D'accord pour le neutrino. Mais sans Einstein, on chercherait encore Vulcain ! Une tonne de xénon ne suffit pas, mettons-en deux... La relativité offre beaucoup de possibilités mal exploitées, tout particulièrement l'horizon des événements créé par l'accélération. Au sein des amas, les gaz ionisés sont accélérés et donc rayonnent. Mais ils s'enferment dans une bulle de rayon c²/a (c:vitesse de la lumière, a: accélération) et il suffit que les amas soient éloignés pour que nous soyons en dehors de la bulle et ne recevions pas le rayonnement. Ce qui peut expliquer aussi qu'on trouve peu de matière noire dans notre Galaxie. Du classique plutôt que de l'exotisme, du connu plutôt que du ad hoc.
D'accord pour le neutrino. Mais sans Einstein, on chercherait encore Vulcain ! Une tonne de xénon ne suffit pas, mettons-en deux... La relativité offre beaucoup de possibilités mal exploitées, tout particulièrement l'horizon des événements créé par l'accélération. Au sein des amas, les gaz ionisés sont accélérés et donc rayonnent. Mais ils s'enferment dans une bulle de rayon c²/a (c:vitesse de la lumière, a: accélération) et il suffit que les amas soient éloignés pour que nous soyons en dehors de la bulle et ne recevions pas le rayonnement. Ce qui peut expliquer aussi qu'on trouve peu de matière noire dans notre Galaxie. Du classique plutôt que de l'exotisme, du connu plutôt que du ad hoc.
Si c'était aussi simple que ça... Je rappelle que les commentaires sont modérés ici, notamment pour éviter de faire profiter à tout le monde de ce type de commentaire-ci.

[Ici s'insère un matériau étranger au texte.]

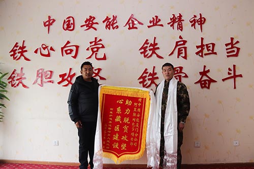 3月底,薩嘎縣達(dá)吉嶺鄉(xiāng)派出所營(yíng)區(qū)計(jì)劃進(jìn)行整體硬化,但由于當(dāng)?shù)亟ㄔO(shè)經(jīng)費(fèi)緊張,一直未能批復(fù)。何樂(lè)鋒在了解當(dāng)?shù)氐睦щy后,主動(dòng)為他們捐贈(zèng)了20噸水泥,解決了他們建設(shè)的燃眉之急,有效改善了派出所的辦公生活條件。嶺鄉(xiāng)派出所所長(zhǎng)旦增扎巴專程來(lái)到項(xiàng)目部,為全體人員獻(xiàn)上潔白的哈達(dá),為項(xiàng)目部贈(zèng)送了印有“心系藏區(qū)建設(shè),助力脫貧攻堅(jiān)”內(nèi)容的錦旗和感謝信,“中國(guó)安能為我們幫了大忙,建設(shè)阿里聯(lián)網(wǎng)工程為我們送電,為我們解決務(wù)工難題,還支持我們建設(shè),我受我們鄉(xiāng)書記委托,專程過(guò)來(lái)感謝你們,我們達(dá)吉嶺鄉(xiāng)全鄉(xiāng)人民都感謝你們!”他緊握項(xiàng)目經(jīng)理何樂(lè)峰的雙手,動(dòng)情地說(shuō)道。

Lorsque vous énoncez un résultat ou autre, merci de fournir des références à des travaux scientifiques. Vous pourriez aussi par exemple faire de simples vérifications numériques avant de donner une expression qui va, c'est sûr, bouleverser toute la cosmologie...
Je vous encourage, chez anonyme, à faire le calcul de l'accélération qui est obtenue via votre expression R=c²/a, pour un "rayon d'horizon" de 100 millions d'années-lumière, distance typique de galaxies proches. Normalement, la valeur que vous obtenez devrait vous faire réfléchir, ce qui est toujours utile... (1 AL = 9.5 10^15 m)
Quelqu'un a fait le calcul avant moi ("La matière noire", Désiris, 2015). Même avec le meilleur des télescopes, un observateur situé à 2000 al, soit encore dans notre Galaxie, ne pourrait apercevoir notre Terre dans son mouvement autour du Soleil (rayon de 150 Gm, vitesse de 30 km/s, distance d'horizon de 1,5 x 10^16 km), sinon la deviner par ses effets gravitationnels (ce qui limite par ailleurs nos possibilités de "voir" des planètes extrasolaires).
Quelqu'un a fait le calcul avant moi ("La matière noire", Désiris, 2015). Même avec le meilleur des télescopes, un observateur situé à 2000 al, soit encore dans notre Galaxie, ne pourrait apercevoir notre Terre dans son mouvement autour du Soleil (rayon de 150 Gm, vitesse de 30 km/s, distance d'horizon de 1,5 x 10^16 km), sinon la deviner par ses effets gravitationnels (ce qui limite par ailleurs nos possibilités de "voir" des planètes extrasolaires).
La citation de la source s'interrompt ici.